Echocardiography of the Coronary sinus in Adults
This article is a peer referred and from the Clinical Cardiology Journal. The article is authored by Ivan A. Cruz, Bashar Shala, and Cameila Johns. The article examines how sonography is used in studying coronary sinus (CS) in adults. There are many issues of importance that the authors bring out in the article. The article starts with a brief introduction of coronary sinus (CS) by pointing out the interested of other sub-specialties such as electrophysiologists, anesthesiologists, and generally researchers in CS. However, the authors note that echocardiographers have taken little interest in studying the CS particularly in adult patients. Further, the authors point out that echocardiographic literature in reference to CS has only been with respect to rare congenital cardiovascular abnormalities. These abnormalities are primarily characterized with anomalous drainage of blood into the CS. Such drainage takes place directly or through a persistent left superior vena cava. It is further noted that the drainage result in five condition of which all a dilated CS is experienced. Even more, it is noted that the abnormalities described above are commonly encountered by pediatric cardiologists. This explains why adult echocardiography has rare literature on the condition.

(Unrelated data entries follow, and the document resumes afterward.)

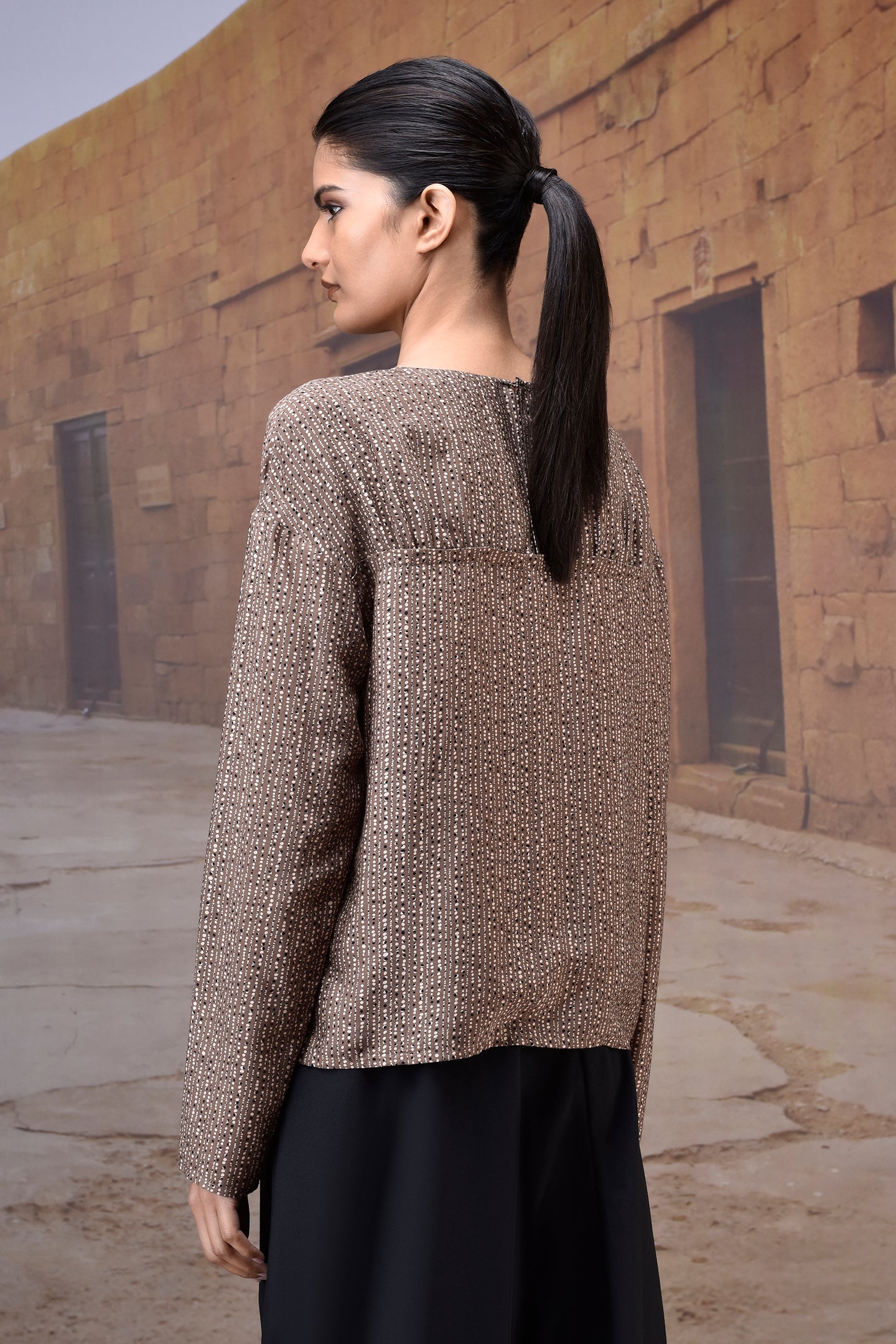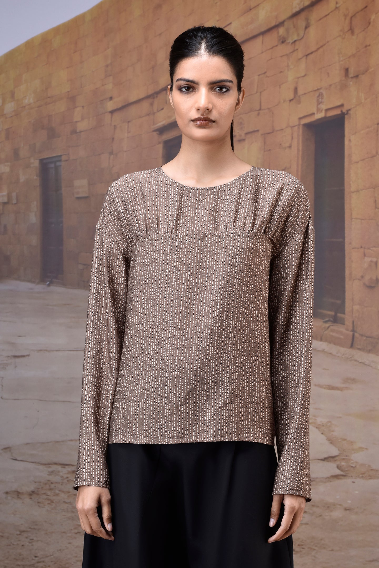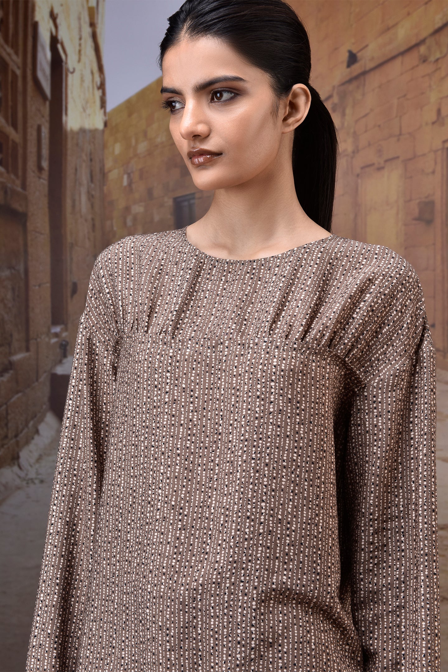 Ease meets quiet polish in this Warm Beige top from Genes Lecoanet Hemant, crafted in a supple silk–viscose blend that falls with a soft, liquid drape. A lightly textured micro-dot stripe lends depth, while gentle gathers along the yoke create movement through the body. The straight, relaxed cut balances long sleeves and a clean round neckline, offering a refined layer that transitions effortlessly from desk to dinner.
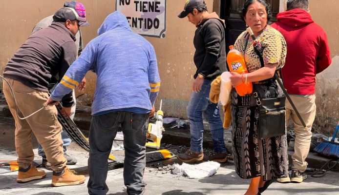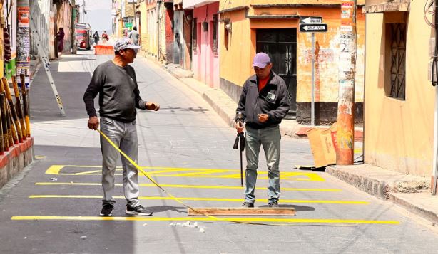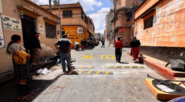 Autoridades y vecinos, en la zona 3 de Totonicapán, señalizan calle para prevenir accidentes de tránsito.
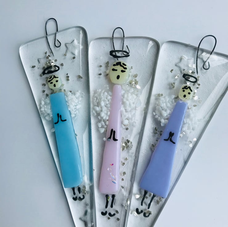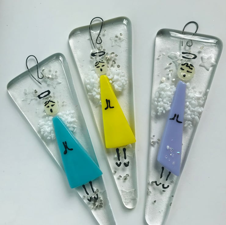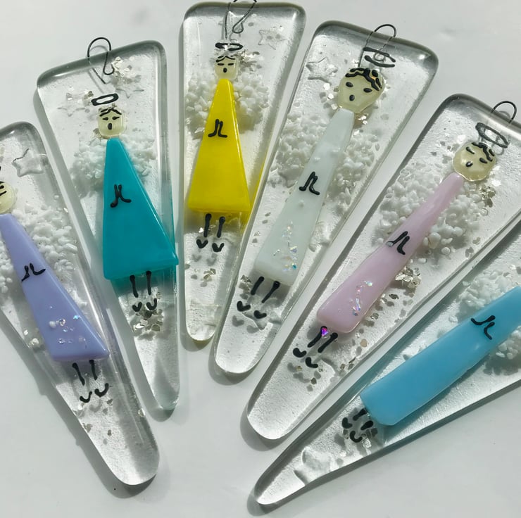 These contemporary fused glass Angels would be as lovely hanging in the window as they would be in your Christmas tree. These Angels are for life not just for Christmas.

The article also gives an overview on the location of the CS in the heart. Its anatomy and functions are explained in reference to other parts of the heart. After this explanation, the article moves on to discuss the main subject, that is, the dilation of the CS. The article discusses congestive heart failure and show how it causes dilation of the CS. Next, echocardiography of the CS is closely examined. First, the echocardiography of the normal CS is examined. This acts as a reference point for readers to check the differences between a dilated and normal CS. The article gives various phases of images of a normal CS. This is important because in echocardiography, various planes have to be used in utilizing various echocardiographic window opportunities. There are four images presented of a normal CS.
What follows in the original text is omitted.